An irony is that the politics of a loss in the Supreme Court could ultimately swing in President Biden’s favor, even as it compounds the dangers facing pregnant patients in states across the country. Donald Trump’s campaign strategy has been to cast abortion as an issue that has largely been resolved, at least at the federal level. That strategy makes sense: Most Americans disagree with the strict abortion bans Republicans have championed, and Mr. Trump would prefer the electorate focus on anything but abortion. Losing the EMTALA case could help Mr. Biden remind voters that overturning Roe was not the end of the anti-abortion movement’s project. It will be made clear once again that the Right may be able to keep turning to the Supreme Court to further roll back reproductive rights.

Such a loss would also be a reminder of the stakes of this election. Some of Mr. Trump’s supporters are hoping that if he is re-elected, he will lean on the Comstock Act — a 150-year-old law that criminalizes the mailing or receiving of a wide range of items deemed to be obscene — to effectively ban abortions nationwide. (That’s because all abortions in the United States involve instruments and other items sent by mail or common carrier.) If the Supreme Court holds that the Comstock Act can indeed be used in such a way — ignoring nearly a century of precedent — Mr. Trump’s Department of Justice will decide whether to initiate prosecutions against drug companies, providers, or even women who mail or receive abortion-related items.
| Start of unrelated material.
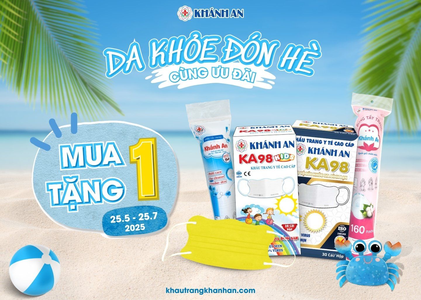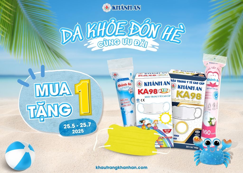 → Từ ngày 25.5.2025, Khẩu trang Khánh An áp dụng nhiều ưu đãi cho sản phẩm KA98 và KA98 Kids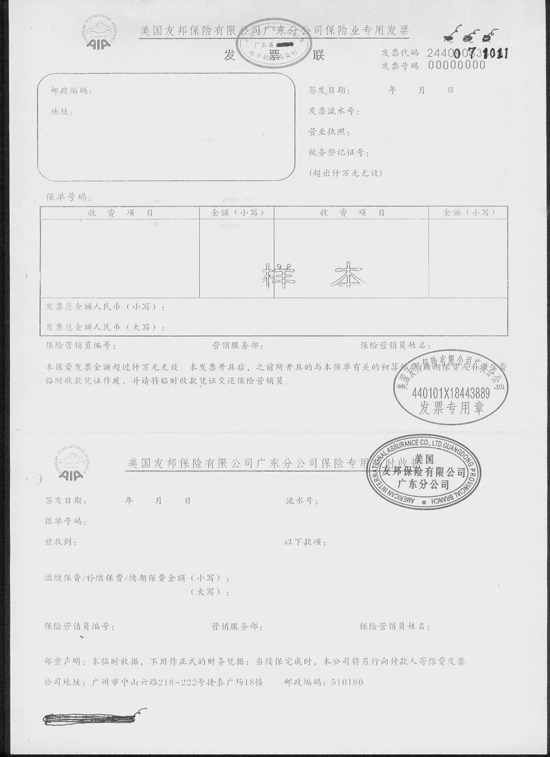 附件:美国友邦保险有限公司广东分公司保险业专用发票式样

A second Biden administration may be more cautious about defending reproductive rights if it loses the EMTALA case. But the impact of losses like the one that seems to be coming in this case will sting less for reproductive rights supporters if Mr. Biden remains in office. In the case of the Comstock Act, for example, Mr. Biden’s Department of Justice would almost certainly not prosecute abortion providers and patients, regardless of how the court interprets the 1873 obscenity statute.

A loss in the EMTALA case may not convince some voters to overcome the skepticism with which they view Mr. Biden. But it will make abundantly clear that whatever Mr. Trump may suggest, the abortion struggle at the federal level is not over by a long shot.

Mary Ziegler is a law professor at the University of California, Davis, and the author of “Roe: The History of a National Obsession.”